Gençlik yıllarında Mesut Yılmaz’ın Anavatan Partisi’nde bir yıl gençlik kollarında geçen mesaisi hariç İmamoğlu’nun CHP kariyerinin başladığı tarih olan 2008’i milat olarak alıyoruz. O yıl üye olduğu partinin, 2009’da Beylikdüzü Belediyesi’nin aday adaylarının içinde yer aldı. Deniz Baykal ve Önder Sav’ın hakim olduğu partide o günlerde Karadenizli, aileden varlıklı genç müteahhitin değerini henüz kimse fark etmemişti. Aday gösterilmedi. Ancak orada ilginç bir şey oldu. AK Parti’ye karşı farklı kaybedilen Beylikdüzü’nde ilçe örgütüne atanacak isim aranırken bir anda Ekrem İmamoğlu ismine çevrildi gözler.

5 yılda olmazı oldurdu…

Ekrem İmamoğlu’nun da, Beylikdüzü’nün de, CHP’nin de ve belki de Türk siyasetinin de kaderinin değiştiği günler başlamıştı. Atamayla geldiği koltuğa 3 ay sonra yapılan seçimde bu kez seçimle oturdu. Başlarda kimse anlamadı bu İstanbul’un nispeten küçük ilçesinde yaşanan değişimi. Hiçbir Cuma namazını kaçırmadı, her 10 Kasım’da Atatürk için mevlit okuttu. İlçe Başkanı olarak görev yaptığı 5 yıl boyunca AK Partili rakiplerinin bile ‘bu adam hiç CHP’liye benzemiyor’ dediği bir siyasetçi profili çizdi İmamoğlu.   

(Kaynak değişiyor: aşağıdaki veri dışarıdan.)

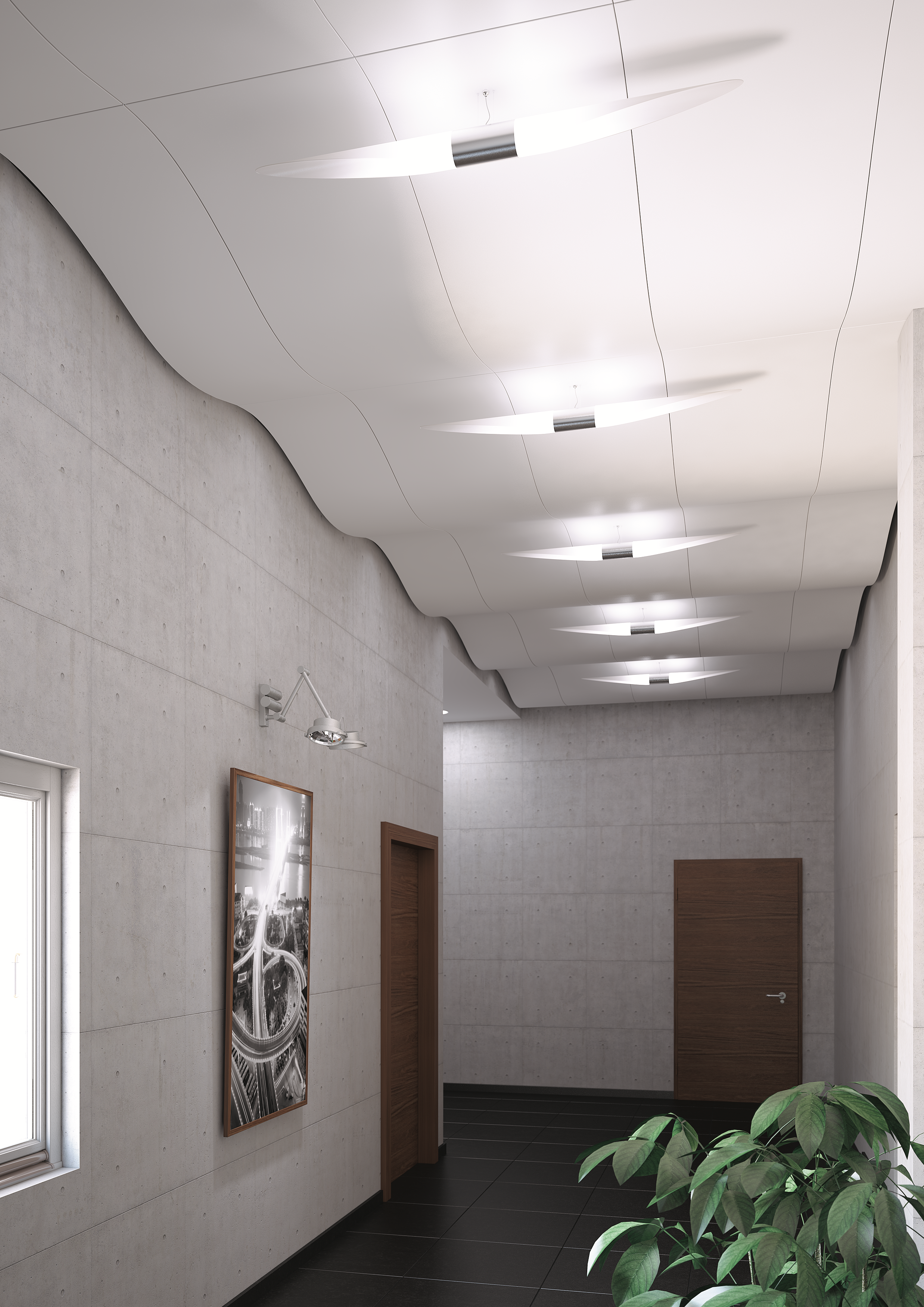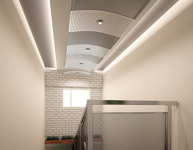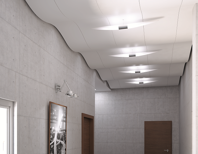 При установке вплотную друг к другу с применением системы HOOK-ON, панели FC служат хорошей альтернативой традиционной плоской потолочной поверхности. Цельность и монолитность конструкции достигается за счёт плавного перехода от одной панели к другой.

2014 seçimlerinde Oğuz Kaan Salıcı devrede…

2014 seçimleri öncesi Beylikdüzü’nün potansiyel adayları arasında Ekrem İmamoğlu da vardı. Başlangıçta yüzüne bakılmadı, önü kesildi, adaylık şansı neredeyse imkansız bir hale geldi. Ta ki dönemin İstanbul İl Başkanı Oğuz Kaan Salıcı devreye girene kadar. Canan Kaftancıoğlu’nun il başkan yardımcısı olduğu CHP il yönetiminin tamamı olmasa bile Salıcı ve Kaftancıoğlu İmamoğlu’ndaki ışığı çoktan görmeye başlamıştı. Oğuz Kaan Salıcı’nın devreye girmesiyle adaylığı elde eden Ekrem İmamoğlu imkansızı başarmaya soyundu. Yarışa başlarken 7 puan geride olduğu AK Partili rakibini sandıklardan kapandığında 12 puan geride bırakmayı başarmıştı. Sonradan sağ kolu olacak Murat Ongun’la yolu bu dönemde kesişti. Televizyon programına İmamoğlu’nun rakibi AK Partili adayı konuk alan Murat Ongun ilk kez o adayın basın danışmanından "Sormayın, CHP'nin bir adayı var hiç CHP'li gibi değil. Adam her gün esnafı ziyaret ediyor, Cuma namazına gidiyor, herkes bayılıyor" sözleriyle duydu İmamoğlu’nu.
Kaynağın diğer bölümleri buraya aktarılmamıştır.